CINEMA: by Bill JamesNews Weekly
Nostalgic retrospect on Sixties radicalism
, December 7, 2013
There is a saying that if you are not a communist at 20 you have no heart, and if you are still one at 30 you have no head.
However, the average 20-year-old is quite capable of understanding totalitarianism, torture and mass murder. Perhaps 20-year-old communists could be described as simultaneously heartless and headless — evil and wilfully stupid.
The characters in the film, After May (rated M), are not quite 20: they are late-adolescent French school pupils, living just a few years after the violent events of 1968 in Paris.
During that year, university students and striking workers, carrying banners extolling “Marx, Mao and Marcuse”, nearly brought down Charles de Gaulle’s Fifth Republic, and the failed revolution’s political and social echoes continued to reverberate in 1971, when the film is set.
With hindsight, we can see the time and place as just another ongoing aspect of the great Western cultural upheaval of the Sixties, which is still rumbling along half a century later.
For Gilles (Clément Métayer), the hero of After May, and his friends, it includes everything from long hair, flared jeans and rock music, to experimentation with sex, drugs and eclectic Eastern religious practices, such as the I Ching.
It also involves inter-generational opposition to authority figures (such as parents, policemen and headmasters) and immersion in the great alphabet soup of radical French politics — communists, Trotskyites, socialists, unionists, Maoists, anarchists, and trendy “useful idiots” enraptured with “liberation” movements in exotic locales from Latin America to Indo-China.
Publicity for the film suggested that it might be merely another rose-tinted depiction of an ugly leftwing criminal movement, on the heels of the glamorisation in recent years of the Weathermen and Baader-Meinhoff gangs.
Instead, it turns out to be more of a formulaic baby-boomer coming-of-age story, with the politics as part of the background, rather than the film’s central raison d’être.
Gilles is apparently an autobiographical approximation to the director, Olivier Assayas (Carlos the Jackal), who also started out a budding painter and finished up making films.

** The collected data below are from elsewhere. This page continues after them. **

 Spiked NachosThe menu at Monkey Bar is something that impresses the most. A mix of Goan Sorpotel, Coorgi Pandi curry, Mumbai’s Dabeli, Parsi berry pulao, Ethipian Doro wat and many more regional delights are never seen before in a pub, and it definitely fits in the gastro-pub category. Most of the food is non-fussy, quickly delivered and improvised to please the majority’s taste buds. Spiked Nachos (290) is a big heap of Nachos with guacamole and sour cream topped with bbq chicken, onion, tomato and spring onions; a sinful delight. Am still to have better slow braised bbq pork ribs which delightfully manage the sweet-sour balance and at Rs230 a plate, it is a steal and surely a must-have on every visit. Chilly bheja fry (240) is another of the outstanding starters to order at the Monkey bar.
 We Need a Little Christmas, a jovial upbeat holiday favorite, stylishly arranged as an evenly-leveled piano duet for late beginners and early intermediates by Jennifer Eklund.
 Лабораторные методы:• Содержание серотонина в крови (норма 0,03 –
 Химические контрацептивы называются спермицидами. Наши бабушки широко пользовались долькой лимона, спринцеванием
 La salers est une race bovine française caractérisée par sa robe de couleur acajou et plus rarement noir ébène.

Assayas lovingly evokes the era of his youth with everyday details such as typewriters and mimeograph machines in place of today’s ubiquitous computers and printers.

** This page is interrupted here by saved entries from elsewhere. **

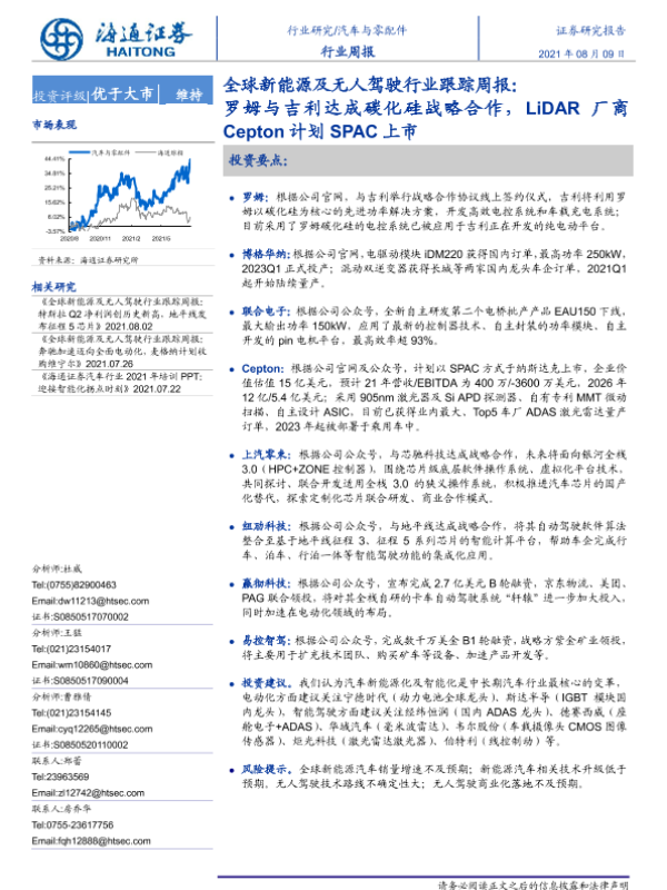 【海通证券】【20210809】全球新能源及无人驾驶行业跟踪周报:罗姆与吉利达成碳化硅战略合作,LiDAR厂商Cepton计划SPAC上市-2页 行业研究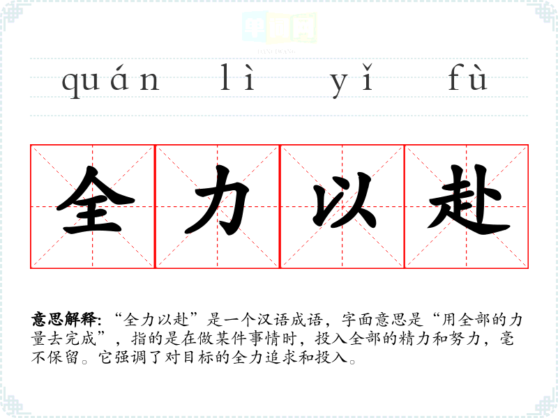 “全力以赴”是一个汉语成语,字面意思是“用全部的力量去完成”,指的是在做某件事情时,投入全部的精力和努力,毫不保留。它强调了对目标的全力追求和投入。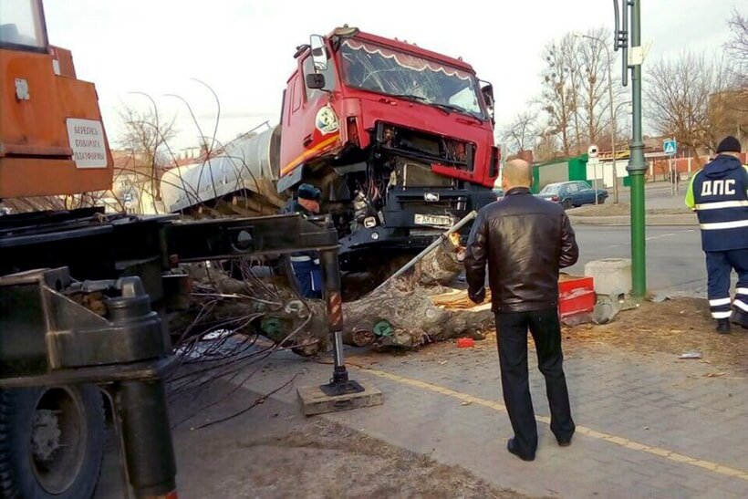 Рано утром 28 марта, когда многие жители Березы еще спали, я направлялся на работу на автомобиле. Впереди встретил мигающие красные маячки. Остановился, чтобы в темноте определить ситуацию на дороге. Это была военная организованная колонна. Добравшись до перекрестка Ленина-Комсомольская, остановился на светофоре (красный свет). Напомню, что было еще темно, а уличные фонари отключают очень рано. Вдалеке мне навстречу летела непонятная военная машина. Как потом оказалось, это был БТР. А в это время с ул. Комсомольская, которая имеет недалеко от светофора неудобный поворот, на зеленый свет ехал тяжелый молоковоз с прицепом. Если учесть, что начало колонны уехало по Ленина к центру, а конец остался далеко («Санта-кэш»), то понятно – водитель маза не мог видеть колонну. Тем более, что она имела большой разрыв между автомобилями. Столкновение было неизбежным. БТР протаранил грузовик в боковую часть кабины. Так молоковоз оказался на дереве. Водитель отделался переломом ноги, остальны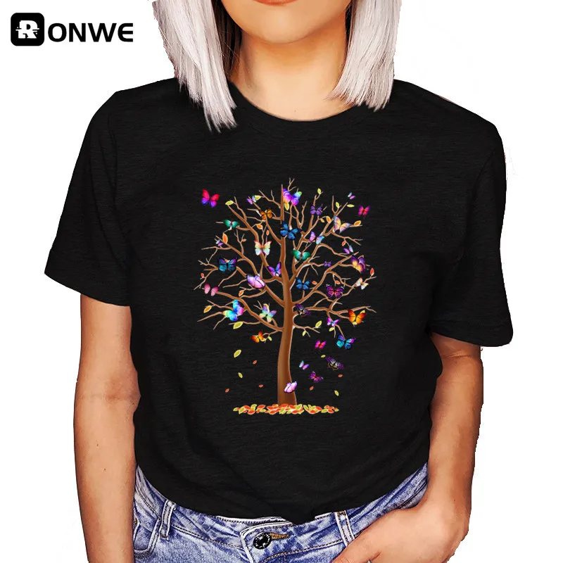 Женская Черная футболка с 3D изображением дерева и бабочек, летняя повседневная короткая футболка в стиле Харадзюку, женская футболка, Новое поступление 2021, Прямая поставка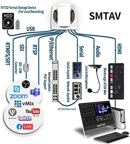 PTZ Camera with 3G-SDI,HDMI and IP Streaming Outputs,20X Optical Zoom,Broadcast Live Streaming Camera for Conference,Events,Church and School etc (20X-White)
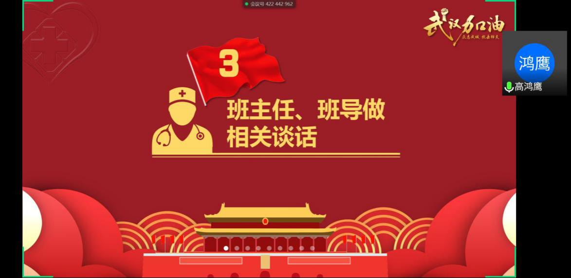 班会开始,由班长丁苑芳同学做开头讲话,阐明班会流程纲要并总结疫情发生以来本班开展过的集体抗疫活动。

However, if he tends to self-indulgently wallow in the minutiae of life as it was 40 years ago, when it comes to the politics there are hints that his film might be out to undermine the ostensible ideals of those days — to retroactively subvert subversion, as it were.
For a start, there is the risible dogmatism, omniscience and self-righteousness of the student radicals.
At one point they pretentiously liken themselves to France’s World War II Résistance movement, when in fact they are merely holding interminable meetings, printing unreadable newspapers, and vandalising their school with graffiti and posters, instead of risking imprisonment, torture and death by fighting German occupation forces.
Then there are the references to The Chairman’s New Clothes, an exposé of Mao Zedong by Simon Leys (pen-name of Pierre Ryckmans) published in 1971, the year in which the film is set.
One of the young people’s political mentors denounces the book, but in such extravagant terms (suggesting a CIA plot) that Assayas is clearly having a laugh at his paranoia.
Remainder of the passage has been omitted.